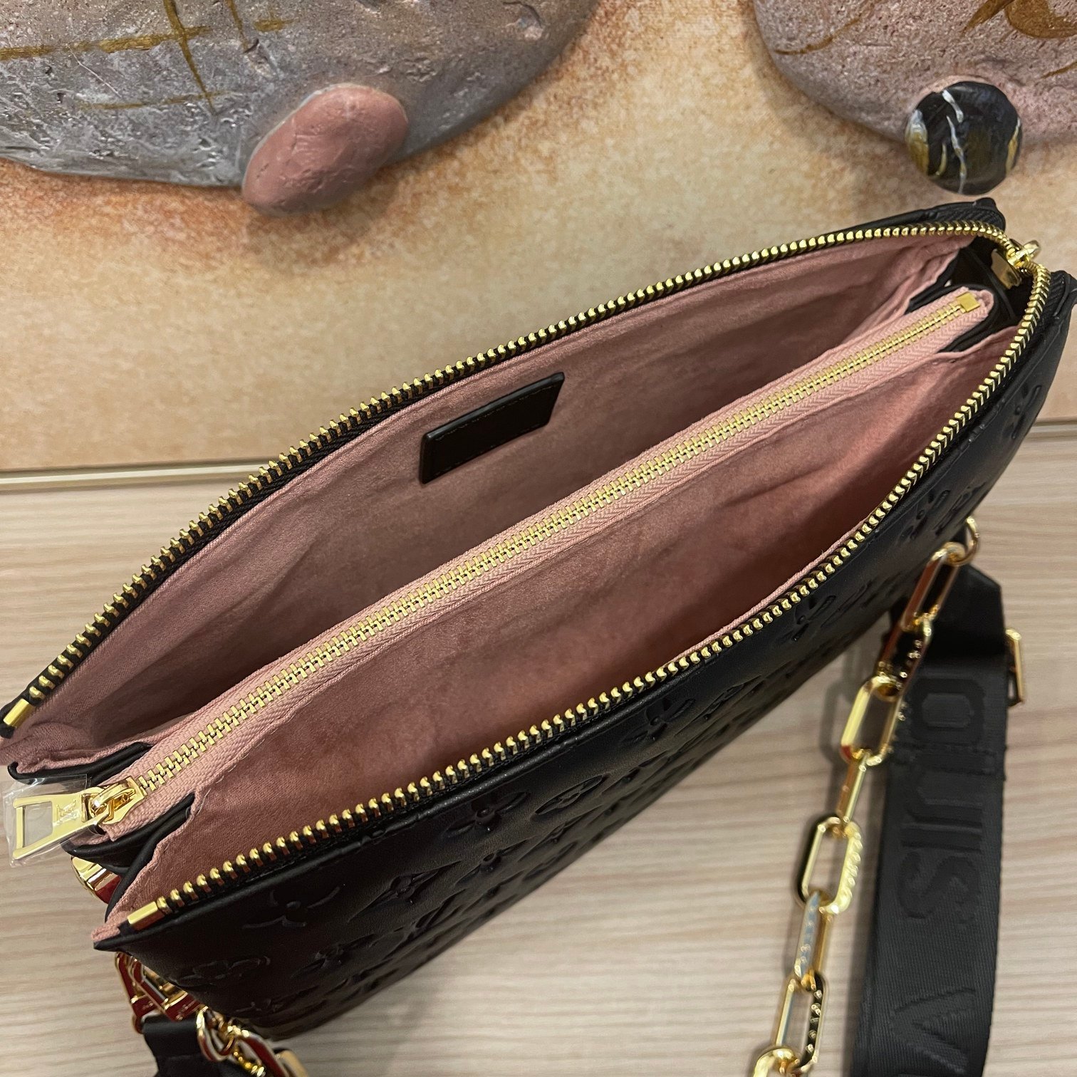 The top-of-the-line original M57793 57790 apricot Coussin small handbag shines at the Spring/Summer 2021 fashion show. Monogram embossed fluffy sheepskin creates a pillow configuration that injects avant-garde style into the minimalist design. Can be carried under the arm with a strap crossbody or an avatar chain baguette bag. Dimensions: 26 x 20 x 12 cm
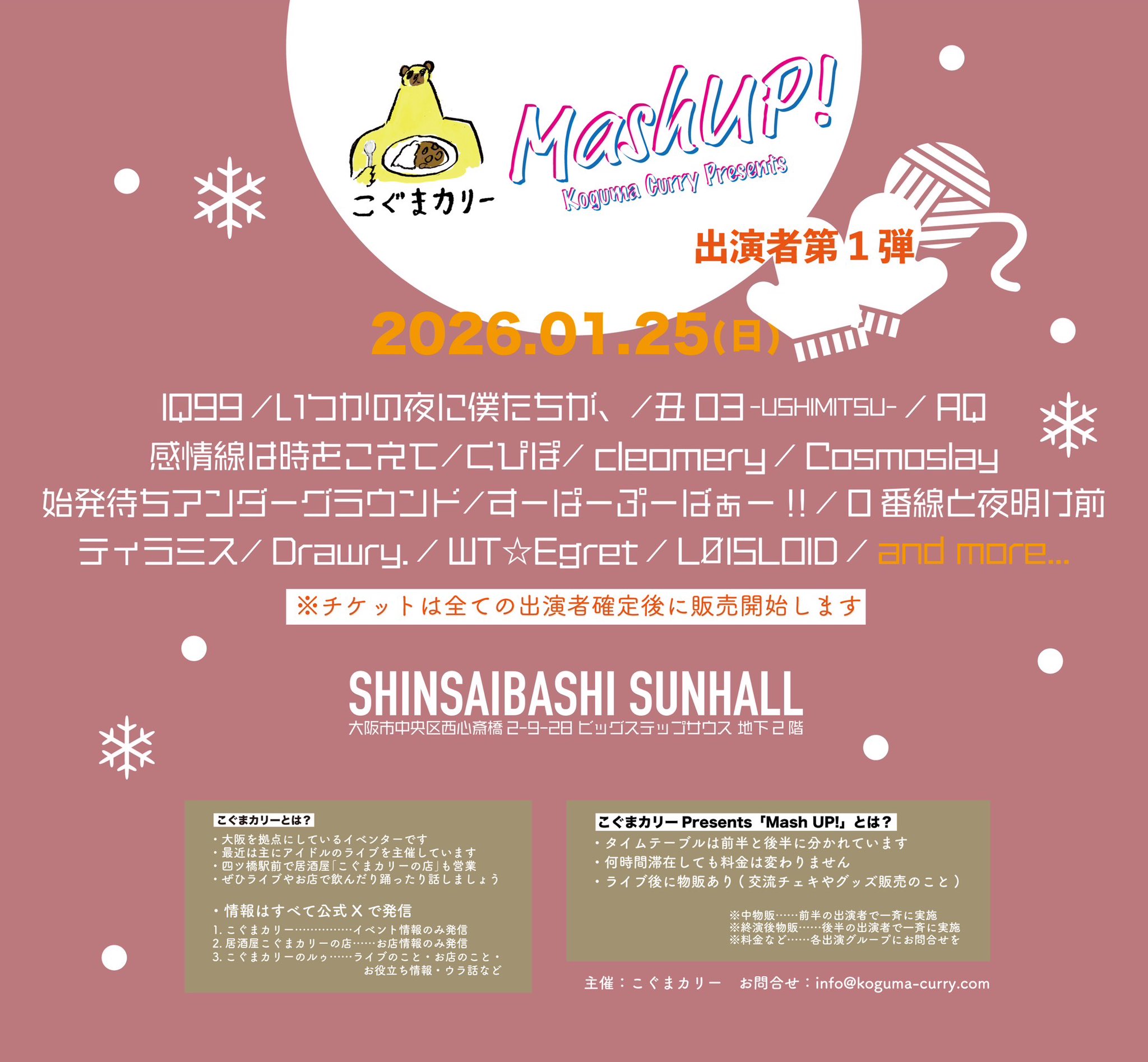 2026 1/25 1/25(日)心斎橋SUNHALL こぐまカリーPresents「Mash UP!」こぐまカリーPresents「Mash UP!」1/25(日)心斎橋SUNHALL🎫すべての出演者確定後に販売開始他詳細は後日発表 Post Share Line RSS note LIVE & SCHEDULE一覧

...

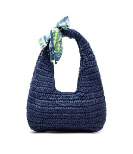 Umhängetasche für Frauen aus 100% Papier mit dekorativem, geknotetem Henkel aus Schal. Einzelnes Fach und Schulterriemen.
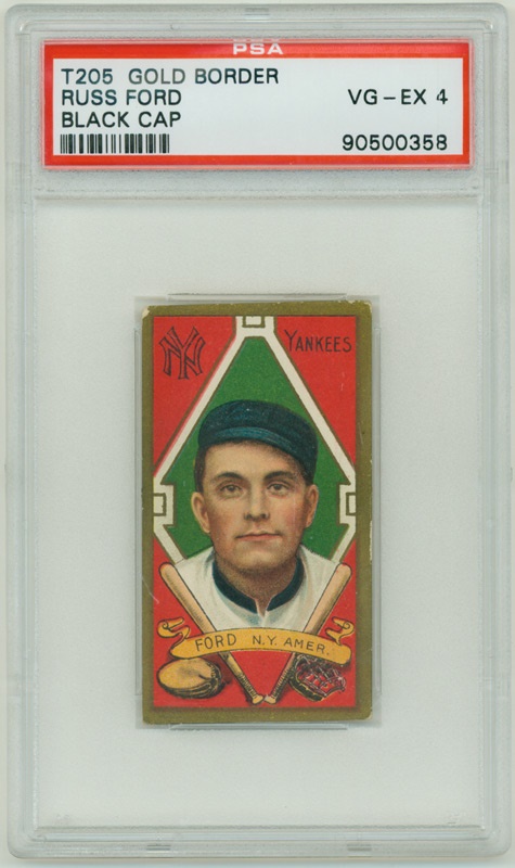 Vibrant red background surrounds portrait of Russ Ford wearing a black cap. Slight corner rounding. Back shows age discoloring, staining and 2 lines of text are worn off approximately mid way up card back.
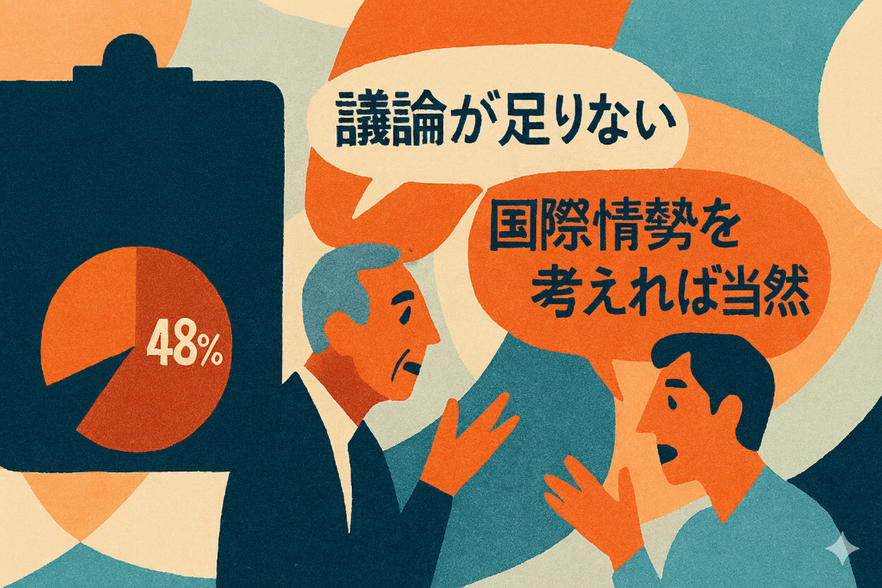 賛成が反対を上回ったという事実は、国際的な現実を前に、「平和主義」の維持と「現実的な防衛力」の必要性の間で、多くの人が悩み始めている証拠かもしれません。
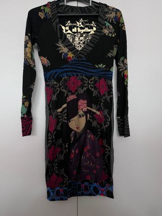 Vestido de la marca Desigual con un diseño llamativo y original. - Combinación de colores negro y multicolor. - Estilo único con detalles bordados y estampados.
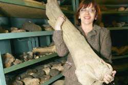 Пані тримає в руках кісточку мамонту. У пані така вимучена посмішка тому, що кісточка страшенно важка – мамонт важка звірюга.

...

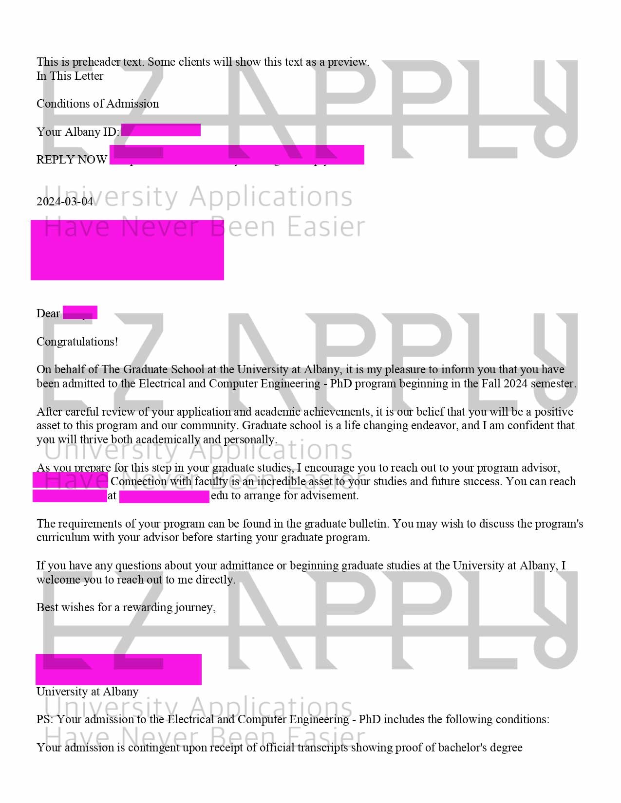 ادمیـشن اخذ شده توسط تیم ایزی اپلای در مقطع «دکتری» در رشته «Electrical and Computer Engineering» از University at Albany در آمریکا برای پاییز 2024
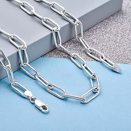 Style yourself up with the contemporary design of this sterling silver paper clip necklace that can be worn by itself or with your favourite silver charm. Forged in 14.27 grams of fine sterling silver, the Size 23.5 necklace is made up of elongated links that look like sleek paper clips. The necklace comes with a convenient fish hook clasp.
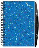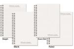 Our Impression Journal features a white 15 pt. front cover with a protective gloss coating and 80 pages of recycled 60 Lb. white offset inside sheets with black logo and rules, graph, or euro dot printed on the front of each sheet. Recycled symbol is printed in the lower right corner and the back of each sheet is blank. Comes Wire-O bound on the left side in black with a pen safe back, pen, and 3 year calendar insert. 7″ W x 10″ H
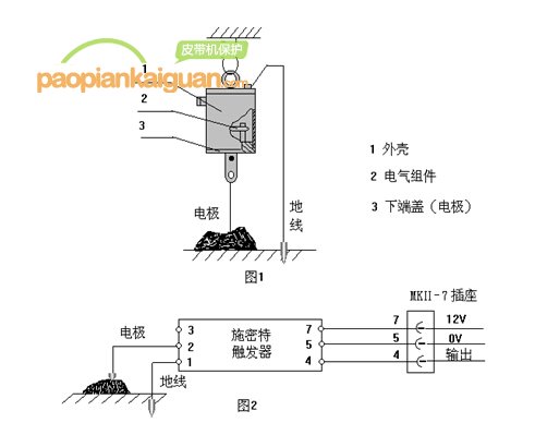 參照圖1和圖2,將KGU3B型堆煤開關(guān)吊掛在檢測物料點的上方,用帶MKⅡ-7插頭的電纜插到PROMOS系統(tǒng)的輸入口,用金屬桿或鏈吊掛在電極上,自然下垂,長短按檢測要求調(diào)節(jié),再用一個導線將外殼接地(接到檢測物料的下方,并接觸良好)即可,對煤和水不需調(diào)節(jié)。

▶ **Aim of the task**:
Output exactly the lines above, from the line with "賛成が反対を上回ったという事" to the line with "Пані тримає в", both included; skip the pictures.

▶ **Your solution**:
 賛成が反対を上回ったという事実は、国際的な現実を前に、「平和主義」の維持と「現実的な防衛力」の必要性の間で、多くの人が悩み始めている証拠かもしれません。
 Vestido de la marca Desigual con un diseño llamativo y original. - Combinación de colores negro y multicolor. - Estilo único con detalles bordados y estampados.
 Пані тримає в руках кісточку мамонту. У пані така вимучена посмішка тому, що кісточка страшенно важка – мамонт важка звірюга.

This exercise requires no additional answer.